Epsilon Ceti

Observation data Epoch J2000.0 Equinox J2000.0 (ICRS)
- Constellation: Cetus
- Right ascension: 02^{h} 39^{m} 33.79741^{s}
- Declination: −11° 52′ 19.5516″
- Apparent magnitude (V): +4.84

Characteristics
- Evolutionary stage: main sequence
- Spectral type: F2V + F7/G4V
- U−B color index: −0.02
- B−V color index: +0.45

Astrometry
- Radial velocity (R_{v}): 15.49±0.19 km/s
- Proper motion (μ): RA: +167.071 mas/yr Dec.: −251.104 mas/yr
- Parallax (π): 41.43±0.68 mas
- Distance: 79 ± 1 ly (24.1 ± 0.4 pc)
- Absolute magnitude (M_{V}): +2.68

Orbit
- Period (P): 2.6512±0.0005 yr
- Semi-major axis (a): 0.1063±0.0005″
- Eccentricity (e): 0.230±0.001
- Inclination (i): 24.2±0.2°
- Longitude of the node (Ω): 90.2±0.2°
- Periastron epoch (T): 2,012.3109±0.0005
- Argument of periastron (ω) (secondary): 40.8±0.2°

Details

ε Cet A
- Mass: 1.37±0.09 M_{☉}
- Radius: 1.52 R_{☉}
- Surface gravity (log g): 4.21±0.14 cgs
- Temperature: 6,520 K
- Metallicity [Fe/H]: −0.08 dex
- Rotational velocity (v sin i): 11.5 km/s
- Age: 1.8 Gyr

ε Cet B
- Mass: 1.03±0.08 M_{☉}
- Radius: 1.27 R_{☉}
- Temperature: 6,370 K
- Metallicity [Fe/H]: −0.08 dex
- Rotational velocity (v sin i): 2.0 km/s
- Other designations: ε Cet, 83 Cet, BD−12°501, GJ 9091, GJ 105.4, HD 16620, HIP 12390, HR 781, SAO 148528

Database references
- SIMBAD: data

= Epsilon Ceti =

Binary star system in the constellation Cetus

Epsilon Ceti is a binary star system located in the equatorial constellation of Cetus. Its name is a Bayer designation that is Latinized from ε Ceti and abbreviated Epsilon Cet or ε Cet. This system is faintly visible to the naked eye as a point of light with an apparent visual magnitude of +4.84. Based upon an annual parallax shift of 41.43 mas, it is located around 79 light-years away from the Sun.

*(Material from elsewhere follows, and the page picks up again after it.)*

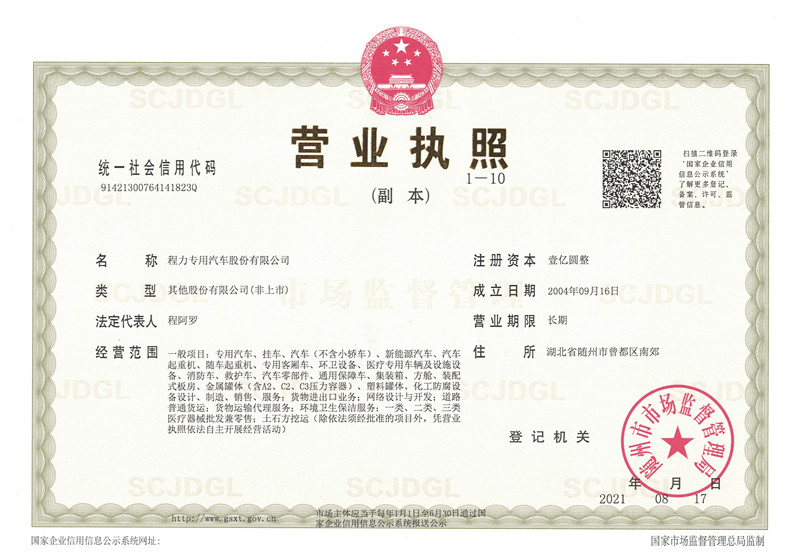 程力最新營業執照,程力專用汽車股份有限公司營業執照,程力新版營業執照,湖北程力汽車營業執照程力汽車官網:m.cghw.com.cn,程力專汽政府和事業單位專用汽車…

This is a line-width spectroscopic binary star system. It has an orbital period of 2.65 years and an eccentricity of 0.23. The semimajor axis is 0.11 AU, or 11% of the distance between the Sun and the Earth, and the orbital plane is inclined at an angle of 24.2° to the plane of the sky.

The primary member, component A, is an F-type main-sequence star with a stellar classification of F2 V. The spectrum of the secondary, component B, can not be readily separated from that of the primary, so its type can only be estimated as a main-sequence star lying in the range between F7 V and G4 V. The system is estimated to be 1.8 billion years old, with the primary having 1.4 times the mass of the Sun and the secondary being about equal to the Sun's mass.

==Name==
This star, along with π Cet, ρ Cet and σ Cet, was Al Sufi's Al Sadr al Ḳaiṭos, the Whale's Breast.

According to the catalogue of stars in the Technical Memorandum 33-507 - A Reduced Star Catalog Containing 537 Named Stars, Al Sadr al Ḳaiṭos were the title for four stars: ρ Cet as Al Sadr al Ḳaiṭos I, σ Cet as Al Sadr al Ḳaiṭos II, this star (ε Cet) as Al Sadr al Ḳaiṭos III and π Cet as Al Sadr al Ḳaiṭos IV.

In Chinese, 芻蒿 (Chú Hāo), meaning Hay, refers to an asterism consisting of ε Ceti, ρ Ceti, 77 Ceti, 67 Ceti, 71 Ceti and HD 14691. Consequently, the Chinese name for ε Ceti itself is 芻蒿六 (Chú Hāo liù, the Sixth Star of Celestial Meadows).